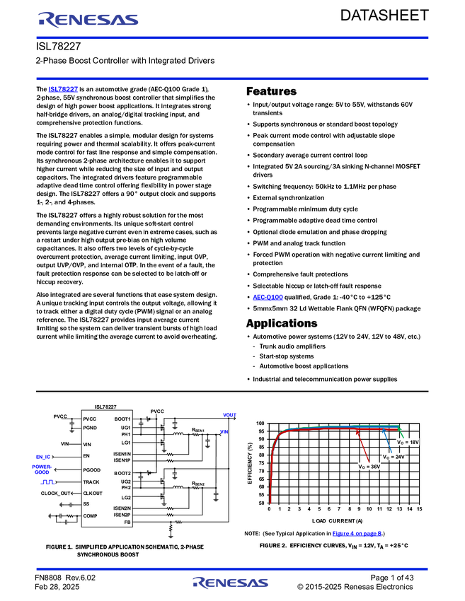 ISL78227ARZ 2-Phase Boost Controller with Integrated Drivers
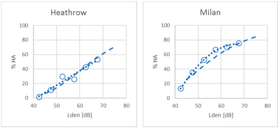 Likewise, there is reason to question the adequacy of the exposure estimates at several of the HYENA airports. Babisch et al. cite aircraft noise levels as low as LAeq 24h = 11 dB (Stockholm) and LAeq 24h = 22 dB (Milan). Such aircraft noise levels are only marginally credible as modeling estimates, much less as acoustic measurements. Guski et al. [4] convert these estimates to Lden by applying a correction factor of 2.6414 dB [13]. These values seem to indicate that the researchers rely heavily on existing models to describe the aircraft noise exposure, with little evident concern for the limitations of aircraft noise modeling software, and for the credibility of predicted exposure values. No existing aircraft noise prediction programs can yield credible exposure predictions at such low levels (indicating a very long distance from the source). Applying a correction accurate to “one ten-thousandth of a decibel”, to a number that has been predicted by a model that yields output values with a standard error of at least 1–2 dB [14], makes no sense at all.
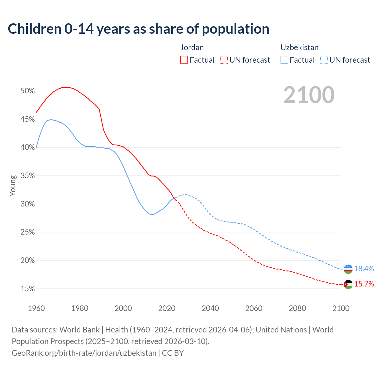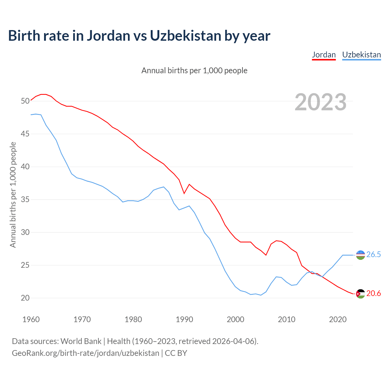 Jordan has an annual birth rate of 20.6 births per 1,000 people, compared to 26.5 for Uzbekistan. The average number of children a woman is expected to have during her lifetime — the fertility rate, is 2.64 in Jordan and 3.5 in Uzbekistan — 32.6% difference.
-*-
Repeat every line of the data above exactly, but drop the pictures.

 ISL78227ARZ 2-Phase Boost Controller with Integrated Drivers
 Likewise, there is reason to question the adequacy of the exposure estimates at several of the HYENA airports. Babisch et al. cite aircraft noise levels as low as LAeq 24h = 11 dB (Stockholm) and LAeq 24h = 22 dB (Milan). Such aircraft noise levels are only marginally credible as modeling estimates, much less as acoustic measurements. Guski et al. [4] convert these estimates to Lden by applying a correction factor of 2.6414 dB [13]. These values seem to indicate that the researchers rely heavily on existing models to describe the aircraft noise exposure, with little evident concern for the limitations of aircraft noise modeling software, and for the credibility of predicted exposure values. No existing aircraft noise prediction programs can yield credible exposure predictions at such low levels (indicating a very long distance from the source). Applying a correction accurate to “one ten-thousandth of a decibel”, to a number that has been predicted by a model that yields output values with a standard error of at least 1–2 dB [14], makes no sense at all.
 Jordan has an annual birth rate of 20.6 births per 1,000 people, compared to 26.5 for Uzbekistan. The average number of children a woman is expected to have during her lifetime — the fertility rate, is 2.64 in Jordan and 3.5 in Uzbekistan — 32.6% difference.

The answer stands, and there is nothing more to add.